**EXERCISE**
Show every line in the entries below where the word "radius" appears.
━━━━━━━━━━━━━━━━
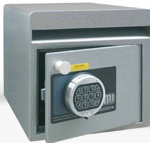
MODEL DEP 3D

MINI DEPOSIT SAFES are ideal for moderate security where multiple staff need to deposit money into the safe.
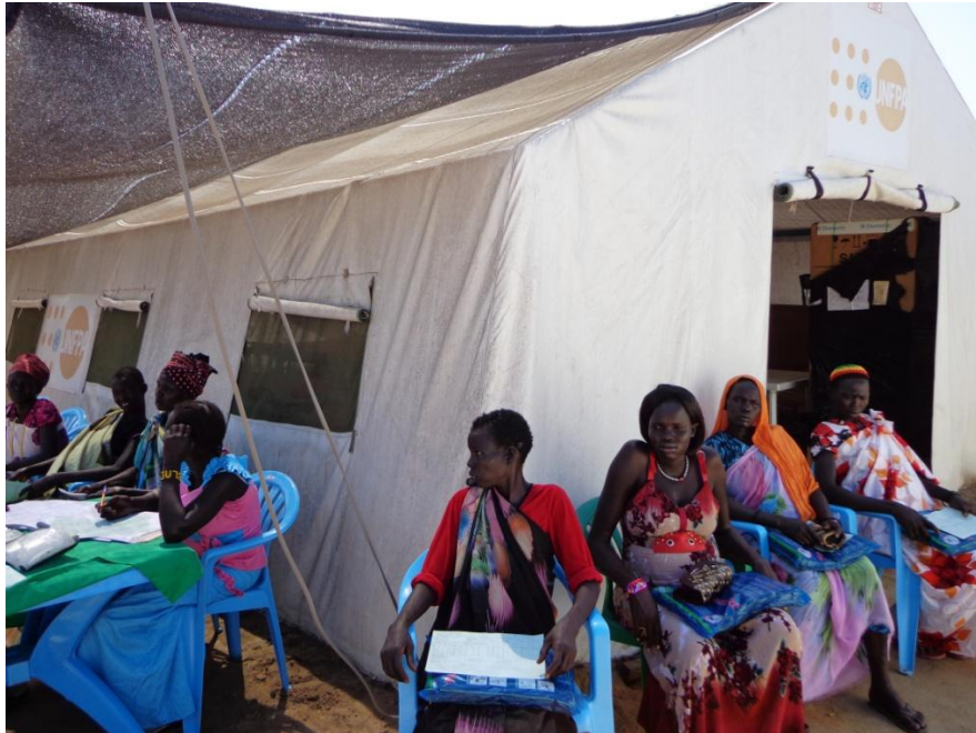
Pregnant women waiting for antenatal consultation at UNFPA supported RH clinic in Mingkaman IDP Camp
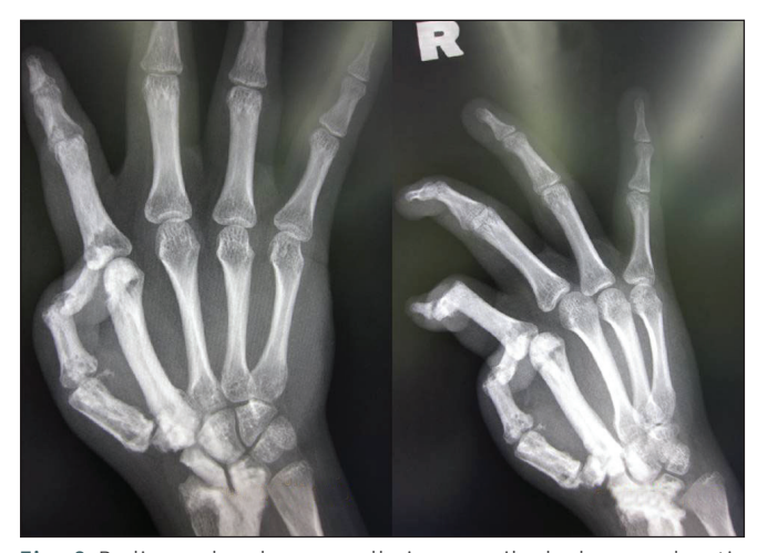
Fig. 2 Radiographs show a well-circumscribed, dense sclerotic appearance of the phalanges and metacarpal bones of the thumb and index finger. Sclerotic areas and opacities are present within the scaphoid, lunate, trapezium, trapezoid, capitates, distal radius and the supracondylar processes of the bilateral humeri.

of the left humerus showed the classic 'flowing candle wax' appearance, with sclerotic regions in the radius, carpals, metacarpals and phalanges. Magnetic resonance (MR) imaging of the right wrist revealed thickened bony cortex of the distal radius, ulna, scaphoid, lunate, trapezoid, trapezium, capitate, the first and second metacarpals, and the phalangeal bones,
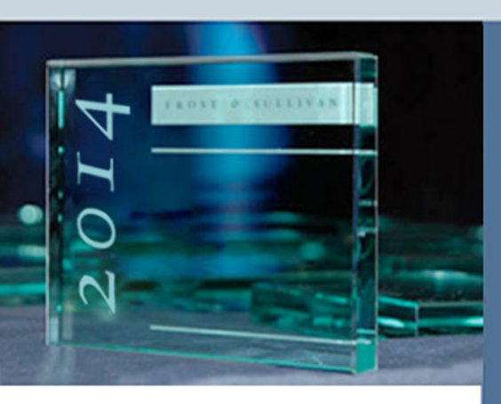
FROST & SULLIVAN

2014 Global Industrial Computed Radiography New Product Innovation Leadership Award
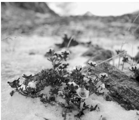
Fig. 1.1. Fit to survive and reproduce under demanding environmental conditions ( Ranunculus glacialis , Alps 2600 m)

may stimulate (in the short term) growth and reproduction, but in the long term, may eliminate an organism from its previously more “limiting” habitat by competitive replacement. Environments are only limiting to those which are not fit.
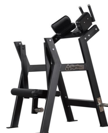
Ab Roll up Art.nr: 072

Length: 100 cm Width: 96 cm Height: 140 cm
━━━━━━━━━━━━━━━━
**EXERCISE SOLUTION**
Fig. 2 Radiographs show a well-circumscribed, dense sclerotic appearance of the phalanges and metacarpal bones of the thumb and index finger. Sclerotic areas and opacities are present within the scaphoid, lunate, trapezium, trapezoid, capitates, distal radius and the supracondylar processes of the bilateral humeri.
of the left humerus showed the classic 'flowing candle wax' appearance, with sclerotic regions in the radius, carpals, metacarpals and phalanges. Magnetic resonance (MR) imaging of the right wrist revealed thickened bony cortex of the distal radius, ulna, scaphoid, lunate, trapezoid, trapezium, capitate, the first and second metacarpals, and the phalangeal bones,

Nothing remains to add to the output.